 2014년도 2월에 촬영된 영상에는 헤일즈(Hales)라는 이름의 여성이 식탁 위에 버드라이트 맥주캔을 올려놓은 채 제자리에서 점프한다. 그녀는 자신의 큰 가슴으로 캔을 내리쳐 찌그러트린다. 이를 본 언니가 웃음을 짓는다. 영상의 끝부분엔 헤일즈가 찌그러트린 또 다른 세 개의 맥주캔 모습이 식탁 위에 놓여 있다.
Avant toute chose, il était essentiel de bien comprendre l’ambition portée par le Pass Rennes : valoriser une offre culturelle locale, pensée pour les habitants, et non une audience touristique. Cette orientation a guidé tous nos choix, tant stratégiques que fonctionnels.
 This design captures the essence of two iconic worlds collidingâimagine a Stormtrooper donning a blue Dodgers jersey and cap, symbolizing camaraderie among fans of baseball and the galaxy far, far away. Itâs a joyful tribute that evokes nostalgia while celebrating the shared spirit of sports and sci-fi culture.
•••••
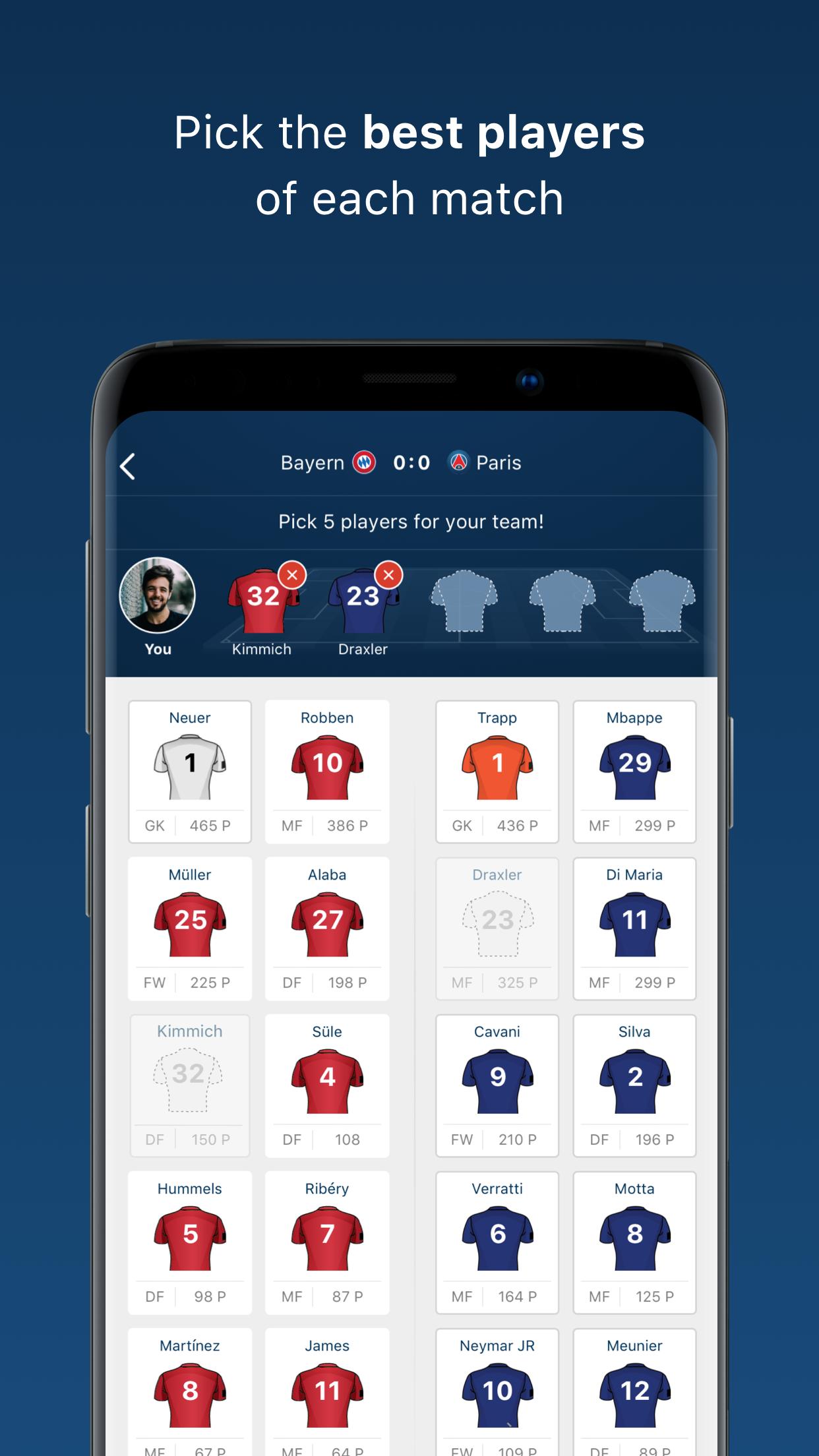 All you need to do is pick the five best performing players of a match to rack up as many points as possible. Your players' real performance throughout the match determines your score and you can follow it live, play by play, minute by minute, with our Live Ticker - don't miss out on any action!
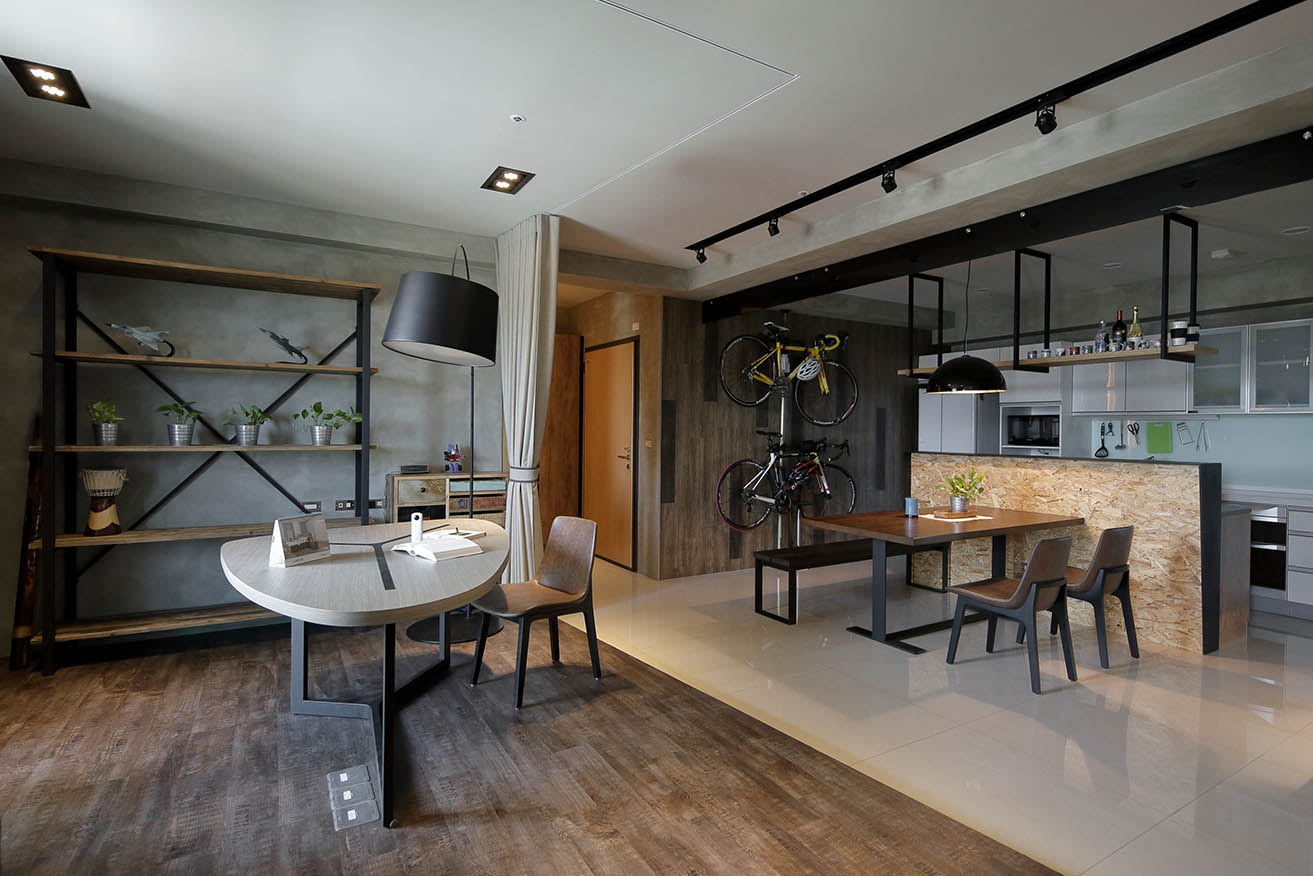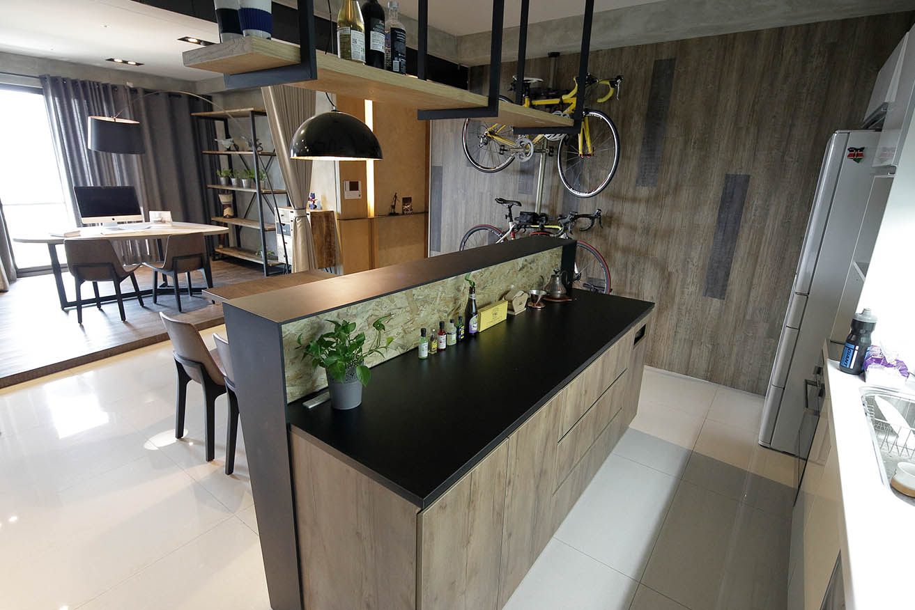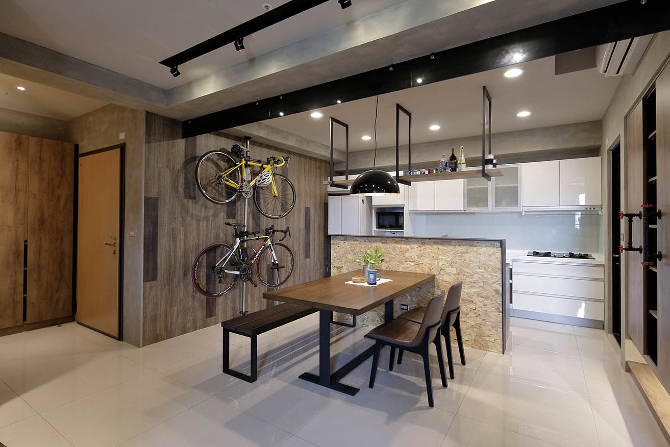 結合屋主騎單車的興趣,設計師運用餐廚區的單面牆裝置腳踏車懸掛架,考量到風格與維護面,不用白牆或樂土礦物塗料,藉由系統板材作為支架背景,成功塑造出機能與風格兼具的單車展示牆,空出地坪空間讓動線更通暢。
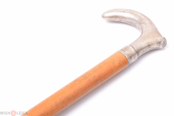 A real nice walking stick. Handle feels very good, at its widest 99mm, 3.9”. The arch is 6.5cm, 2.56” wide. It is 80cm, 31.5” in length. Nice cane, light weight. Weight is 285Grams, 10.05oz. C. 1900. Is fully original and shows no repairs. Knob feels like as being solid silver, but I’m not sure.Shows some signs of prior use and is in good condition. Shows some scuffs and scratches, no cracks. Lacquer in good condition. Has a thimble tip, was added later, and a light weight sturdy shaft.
•••••
**YOUR TASK**
When you reach the line with "結合屋主騎單車的興趣,設計師" in the records above, begin repeating the lines exactly, and stop after the line with "A real nice". Skip all pictures.

**RESULT FOR THIS TASK**
 結合屋主騎單車的興趣,設計師運用餐廚區的單面牆裝置腳踏車懸掛架,考量到風格與維護面,不用白牆或樂土礦物塗料,藉由系統板材作為支架背景,成功塑造出機能與風格兼具的單車展示牆,空出地坪空間讓動線更通暢。
 A real nice walking stick. Handle feels very good, at its widest 99mm, 3.9”. The arch is 6.5cm, 2.56” wide. It is 80cm, 31.5” in length. Nice cane, light weight. Weight is 285Grams, 10.05oz. C. 1900. Is fully original and shows no repairs. Knob feels like as being solid silver, but I’m not sure.Shows some signs of prior use and is in good condition. Shows some scuffs and scratches, no cracks. Lacquer in good condition. Has a thimble tip, was added later, and a light weight sturdy shaft.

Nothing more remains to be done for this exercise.